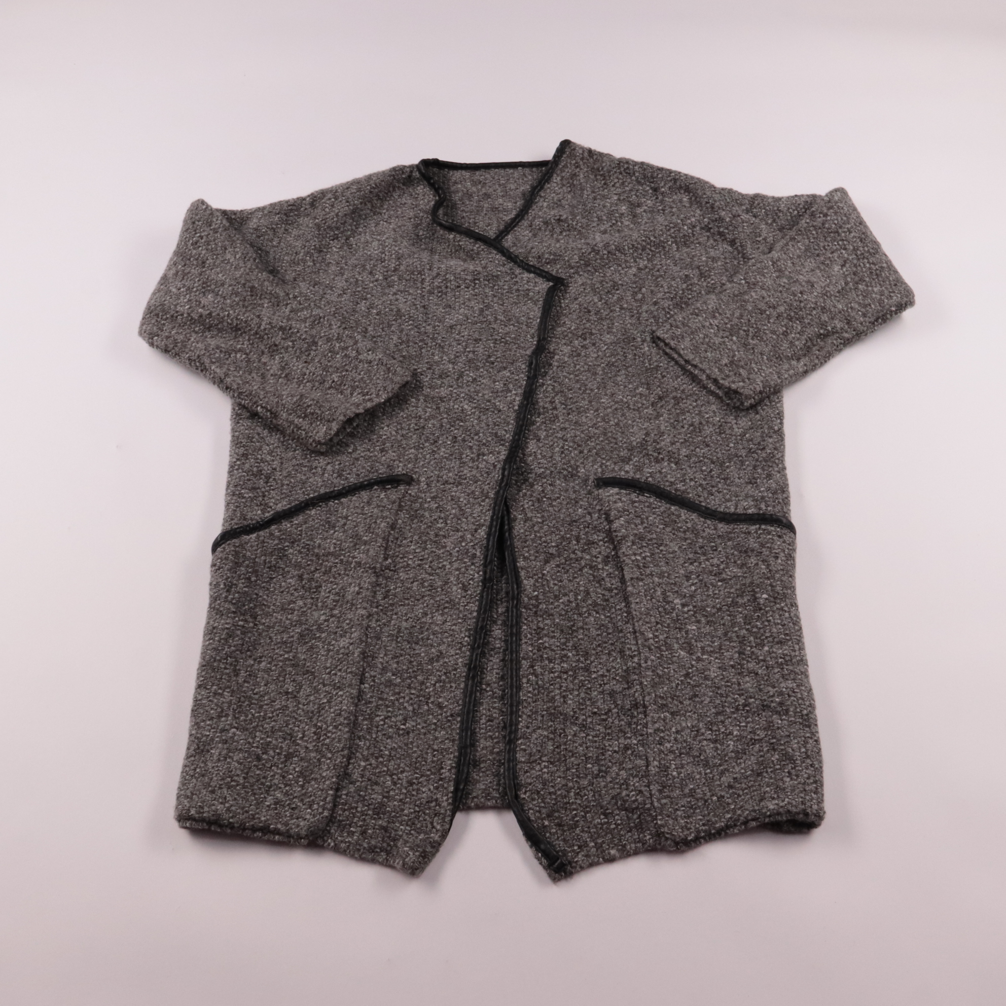 Серый кардиган без бренда из фактурного тёплого трикотажа с отделкой по краю и накладными карманами. Подойдёт для офиса и повседневных образов в прохладную погоду, хорошо смотрится поверх футболки или водолазки. Удобно носить как лёгкую верхнюю вещь бл...
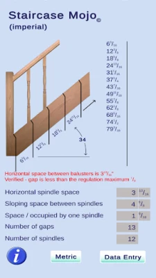 Prossiga para a etapa crucial de medir a distância diagonal entre os novos, seguindo a inclinação da escada, e não a medida horizontal. Uma vez preenchidas as quatro caixas de entrada essenciais, um toque no botão "Calcular" revelará resultados abrangentes. Visualize instantaneamente uma lista detalhada das posições ideais dos fusos (balaústres) e as larguras de espaçamento precisamente ajustadas para a inclinação, garantindo harmonia e conformidade no seu design.
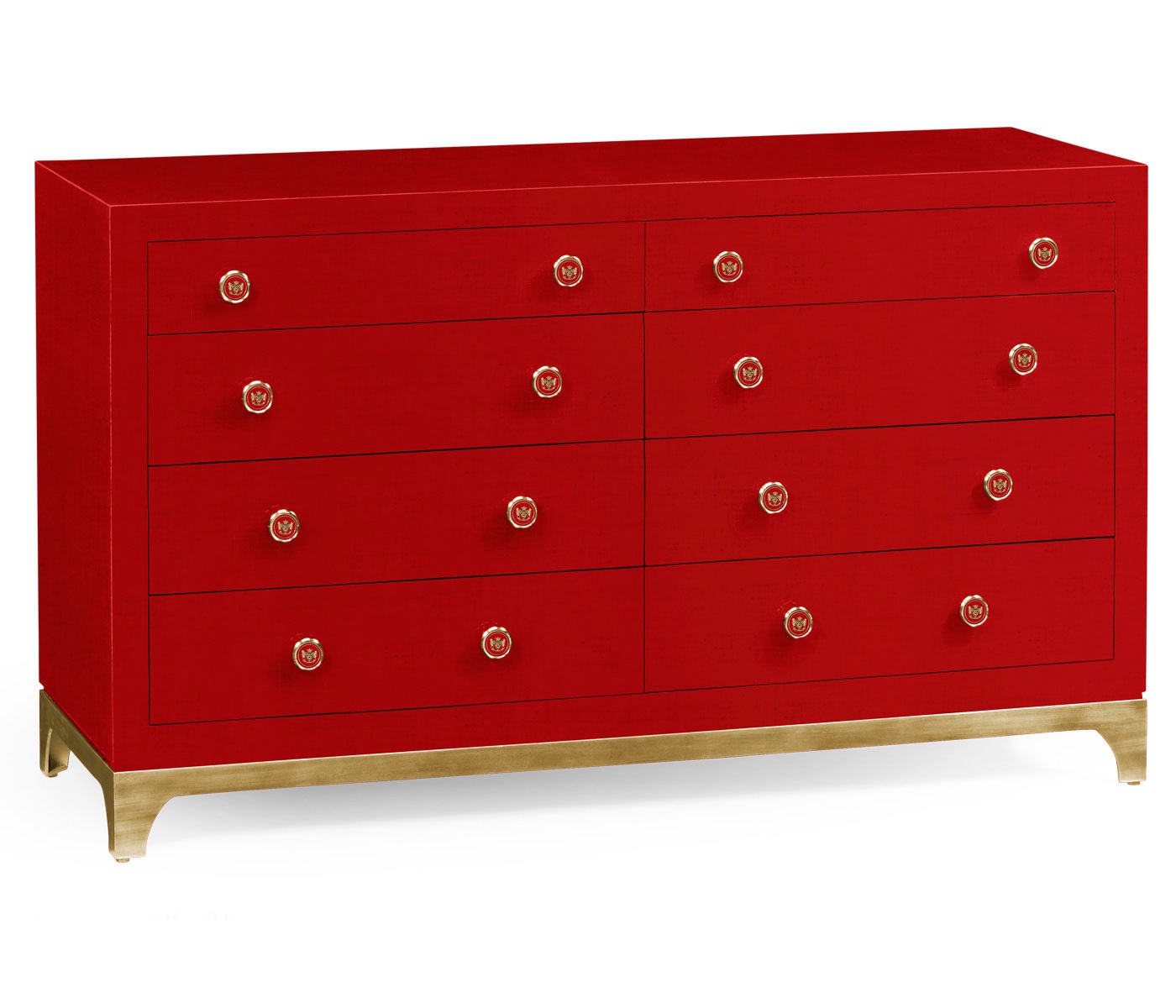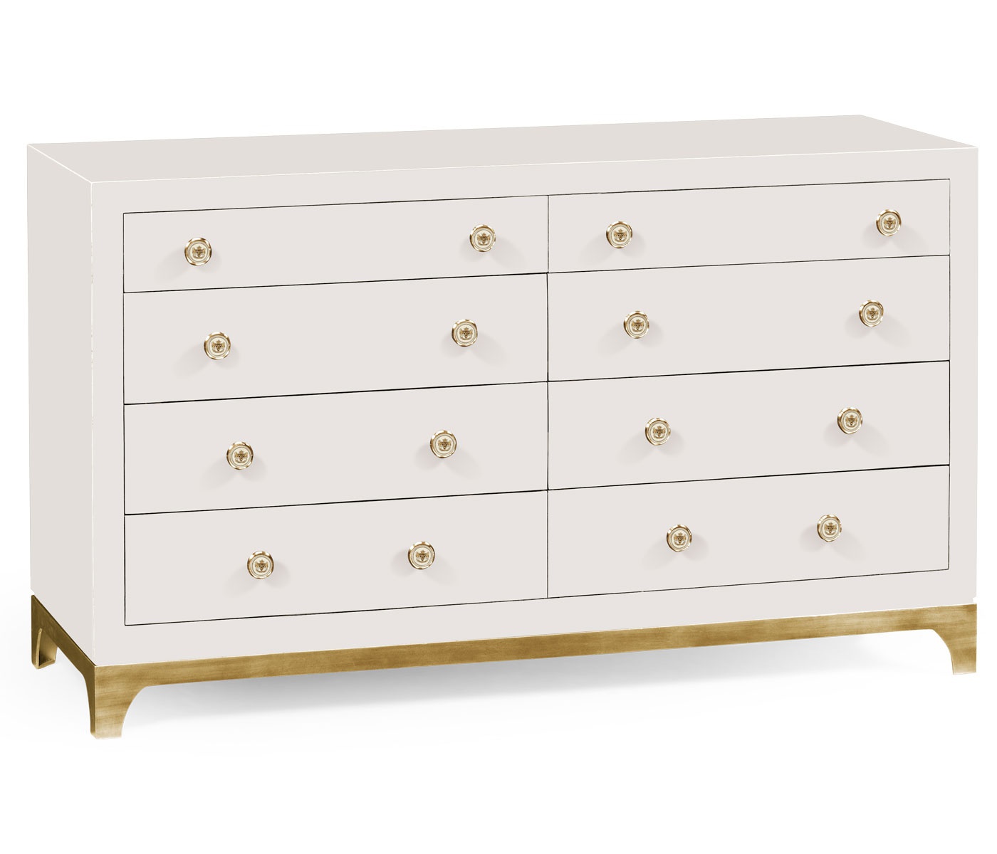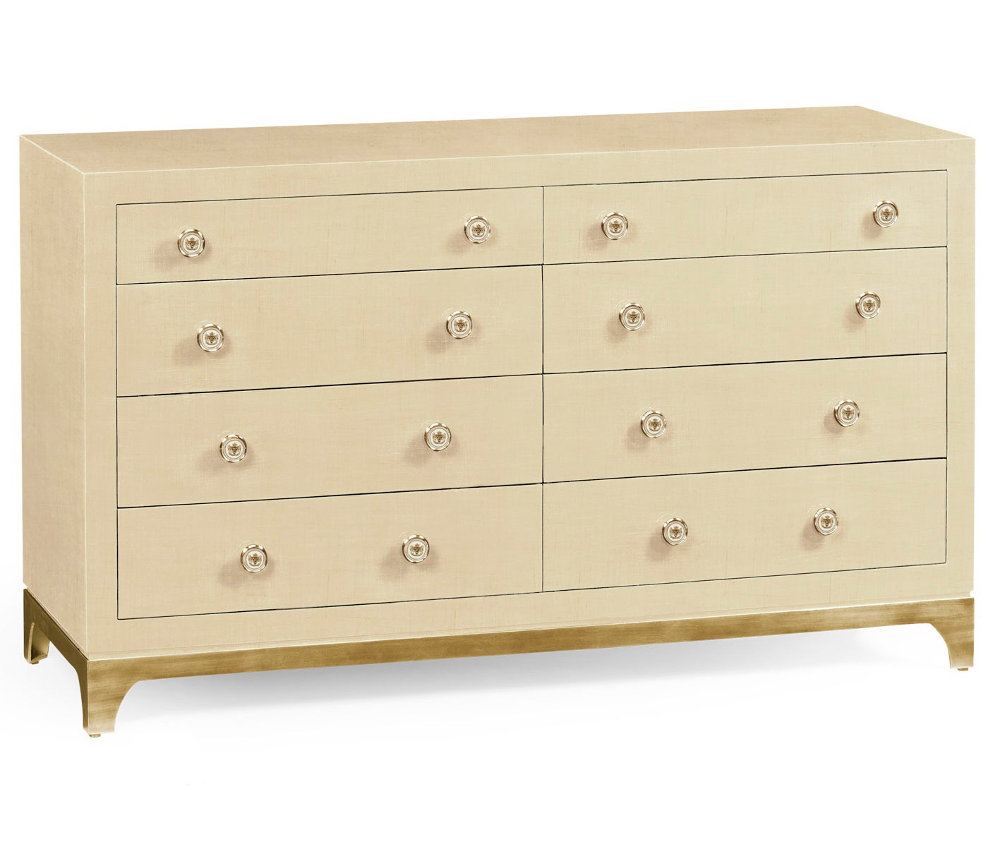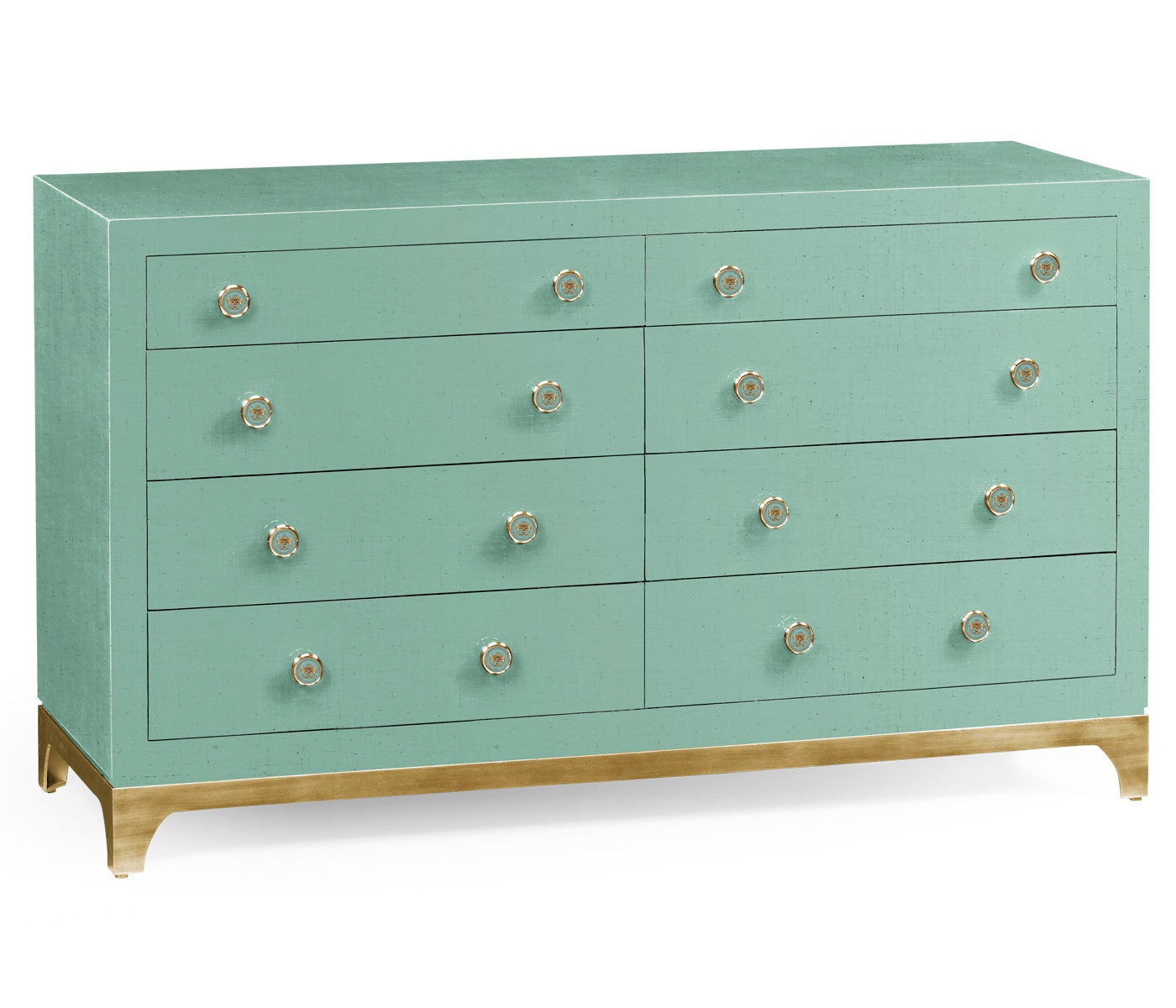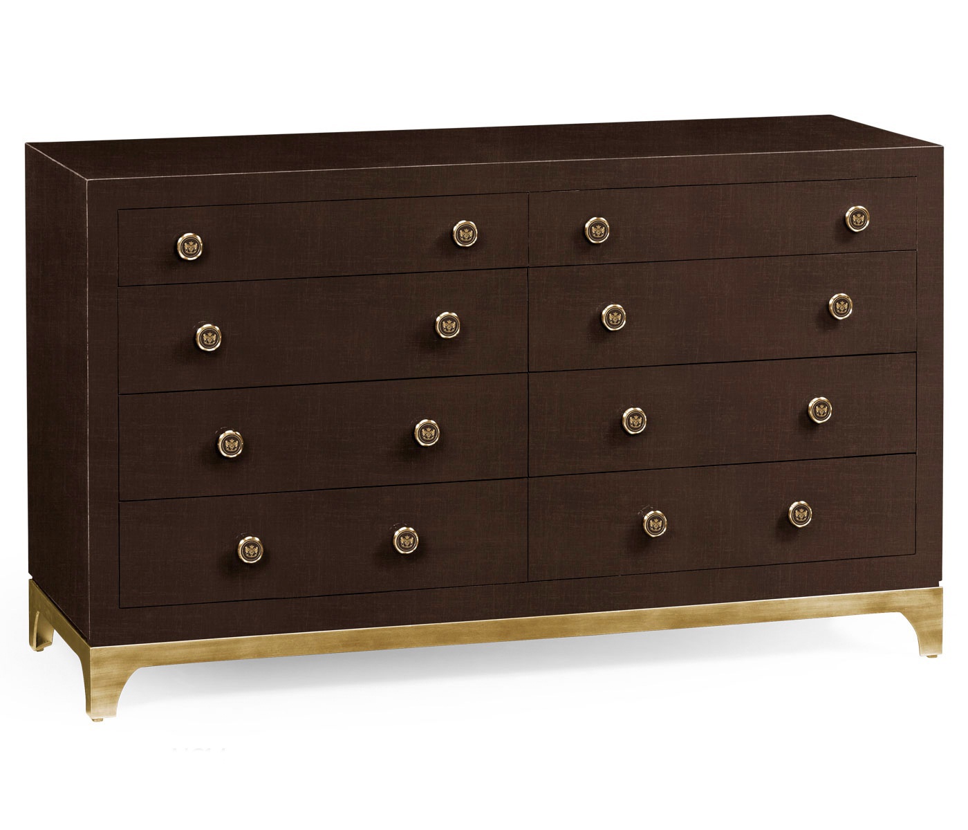 The Alexander Julian chest of drawers from the American manufacturer Jonathan Charles. Gorgeous model with eight drawers. The manufacturer offers finish on a choice of ten colors. Metal bearing Golden color. The handles on the drawers resemble the buttons on a double-breasted jacket.

--*--

_WORK INSTRUCTIONS_: Give the material again exactly as it is, but keep the pictures out.

_RESPONSE_:
 Серый кардиган без бренда из фактурного тёплого трикотажа с отделкой по краю и накладными карманами. Подойдёт для офиса и повседневных образов в прохладную погоду, хорошо смотрится поверх футболки или водолазки. Удобно носить как лёгкую верхнюю вещь бл...
 Prossiga para a etapa crucial de medir a distância diagonal entre os novos, seguindo a inclinação da escada, e não a medida horizontal. Uma vez preenchidas as quatro caixas de entrada essenciais, um toque no botão "Calcular" revelará resultados abrangentes. Visualize instantaneamente uma lista detalhada das posições ideais dos fusos (balaústres) e as larguras de espaçamento precisamente ajustadas para a inclinação, garantindo harmonia e conformidade no seu design.
 The Alexander Julian chest of drawers from the American manufacturer Jonathan Charles. Gorgeous model with eight drawers. The manufacturer offers finish on a choice of ten colors. Metal bearing Golden color. The handles on the drawers resemble the buttons on a double-breasted jacket.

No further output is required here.